The mother of Mithridates made to speak but Spartacus placed a hand over her mouth.

‘Do not speak; I have no interest in what you have to say. Bitch!

‘I have come to repay a debt. You conspired to have my uncle and myself killed when we visited Antioch. Your treachery killed most of our escort and my friend, who died at the hands of your lover. Well, he too died and now you are about to join him in the pit of the abyss.’

Aruna’s eyes flicked right and left in a desperate search for solace but there was none. She tried to lift herself up but her efforts were feeble as more and more of her lifeblood seeped from her body onto the floor.

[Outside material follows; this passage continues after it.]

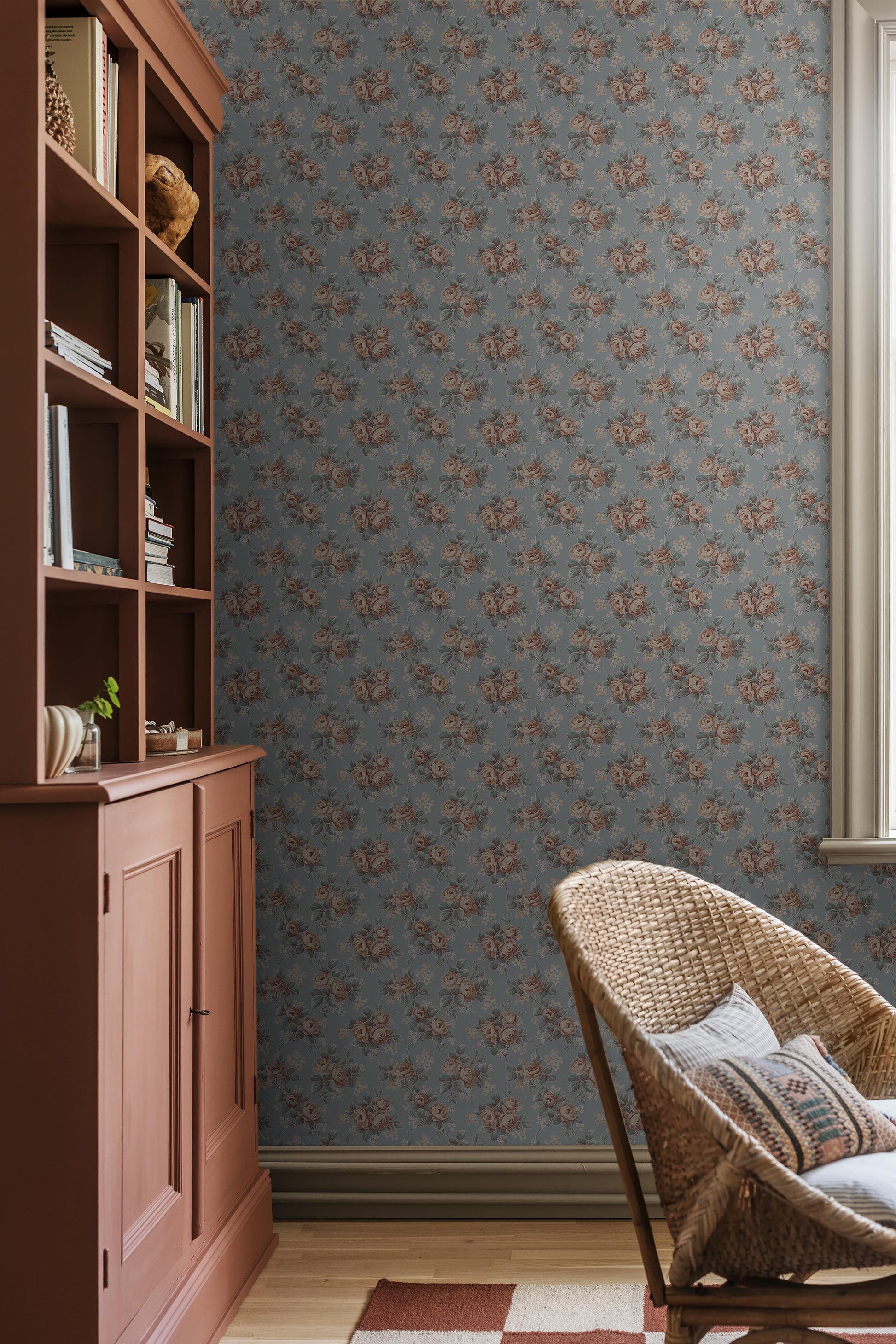 Vaaleansininen, kukkakuvioinen Helena-tapetti on uudelleenpainettu versio ihanasta tapetista historiallisesta arkistostamme. Romanttinen kuvio ja elävä, liimapainettu pinta tuovat huoneeseen pehmeän, ajattoman eleganssin tunnun.Tässä näet Helenan kukkaryppäät hillityissä aprikoosin, petrolinsinisen ja kermanvalkoisen sävyissä lempeän taivaansinisellä taustalla.

Spartacus stood up and took a last look at the dying woman who had once been the high queen of the Parthian Empire, before turning and leaving the room, calling his dog after him as he descended the stairs and walked outside.

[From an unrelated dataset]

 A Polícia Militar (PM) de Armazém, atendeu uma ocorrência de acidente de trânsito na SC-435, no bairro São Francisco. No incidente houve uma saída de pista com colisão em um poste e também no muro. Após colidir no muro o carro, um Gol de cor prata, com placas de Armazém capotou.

His men had conducted a thorough search of the villa and all the outbuildings to ensure no one was left alive, the archers still covering the entrance of the barracks with their bows.

‘Burn them out,’ ordered Spartacus to the commander of his Agraci.

The archers shot arrows at the shutters that barred the windows and the door while the warriors collected dry wood from storerooms and hay from the stables and loaded them on two carts that were then doused with oil and set alight, before pushing them against the building. Within minutes the carts were ablaze and the flames were lapping round the building. As the fire took hold of the carts the legionaries inside the barracks charged from the building, preferring to take their chances against men rather than being roasted alive.

Two were immediately felled by arrows but the rest, armed with swords and holding shields in front of their bodies, charged at the Agraci warriors who faced them in a semi-circle. Coughing, their eyes smarting, the Romans fought bravely, jabbing the points of their short swords at the fleeting shapes of the warriors they faced. But they did not see the archers who had retreated a few paces and who now searched out targets illuminated against the blazing building. The Agraci teased and taunted the legionaries as the archers picked them off one by one, the last one being killed as he fell to the ground with an arrow in his thigh and the side of his head caved in by a series of sword blows.

‘Time to go,’ shouted Spartacus, alarmed that the flames might be seen from afar.

They ran out of the compound back to the trees where they collected their horses and rode back to the villa of Andromachus. The next day Spartacus and his party departed and headed southeast into the desert, away from Syria and towards Palmyra. Once there Spartacus would ride back to Dura to prepare for the great expedition into Syria that was being prepared by his uncle.

Chapter 21

Two years after the Battle of Carrhae I led forty thousand horsemen into Syria to satisfy Orodes’ requests. I took Dura’s horse archers, all my lords, seventeen thousand of their men and riders from Hatra, Babylon and Mesene on a great raid that achieved absolutely nothing. The Roman survivors of Carrhae shut themselves in Antioch and we burned and looted many Syrian villages and small towns whose inhabitants had mostly fled before us. Several times the Romans ventured forth from their strongholds and slaughtered small parties of our horsemen but when we pursued them they invariably retreated behind their stonewalls. I eventually ordered a general retreat back to Parthia and never set foot in Syria again.